Our staff was dismissed to other jobs, and Lina found herself in Monsieur de Villiers’s home as an assistant there. A year after she settled into his home, Jacques and I announced that we were moving across the ocean for Jacques’s business. No one thought it was strange. After all, Jacques was a successful trader, and as his wife, it made perfectly logical sense that I accompany him to his new headquarters.

But the truth was, I was going home.

Jacques and I packed our things and sailed back to the Den of Sirens. King Melchior welcomed us back with open arms, a glint in his eyes showing that he knew that Jacques and I had married behind his back. But he didn’t seem angry with it.

Eventually, my request for my wings was granted, and I was turned back into a siren. All my lives collected together in my memories, and the evil I had seen and done made me stronger as a siren, my perspective broader after experiencing so much.

Jacques and I were paired together in our missions: him judging the sirens, and me judging the humans.
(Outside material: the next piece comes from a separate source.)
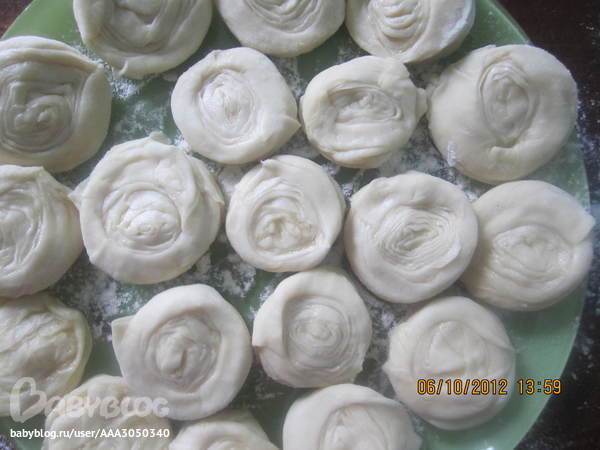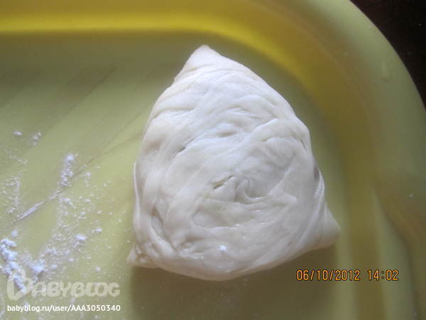 Раскатывает тесто и смазывает растоплнным топлёным маслом.Чем тоньш тем лучше.Далее скручиваем в рулет.

We worked well together, even if he had to pull me out of the reckless situations I frequently got myself into.

Luc, my dearest Rhys, became a close friend to me once again, and it felt like I had never left the den even though it had been centuries. After the years passed, his broken heart turned into deep wisdom, and I saw him blossom into a wise, honorable siren that anyone could look up to.

And when it came to honor, Henrik regained his. He was loyal to the king in every way, the pain of his evil past keeping him on track. Our relationship was restored, but remaineddistant, as Jacques was his employer and Henrik refused to get too close to me out of respect for his superior.

I heard and saw Adrian rarely. When he came to the den to see Henrik, he remembered me. When I flew into the city, he didn’t recognize me. He eventually married, proving that his infatuation for me didn’t override his sense. And watching him play with his children made me realize how pure his heart truly was now, how much one heart could influence others.

The humans who knew Adrian and Henrik were affected in positive ways. Although many still gossiped about the wayward pirate and the expelled naval son, those who knew them both personally were better for it.

Their pure hearts made my job easier.

Luc had been right. To live as a siren and make a difference in the balance of the realms was much more than I could have dreamed, and with Jacques as my most intimate confidant, I was made even better for it.

After all, Jacques had once been possessed by evil, and I had once succumbed to it. Knowing this—knowing the difference between our transgressions and our purity—we could see the world for what it was: blended.

A mix of light and dark, a combination of good and evil.

Knowing good and evil, we could heal ourselves. Knowing the good and evil within ourselves, we could heal it in the world.

ADRIAN’S ENDING

It had been eight weeks since I had come home.

Father had been healing well, but slowly. There were times I thought he might not wake the next morning, making me grateful that I had come home to take care of him. The Siren King must have known how ill my father was, and that’s why he had denied me my request for my wings.

But even so, this meant that I was a human with the power to charm. This power was more than I understood. I didn’t want to abuse it, if nothing more for the fact that I knew I would answer to King Melchior in the end if I did.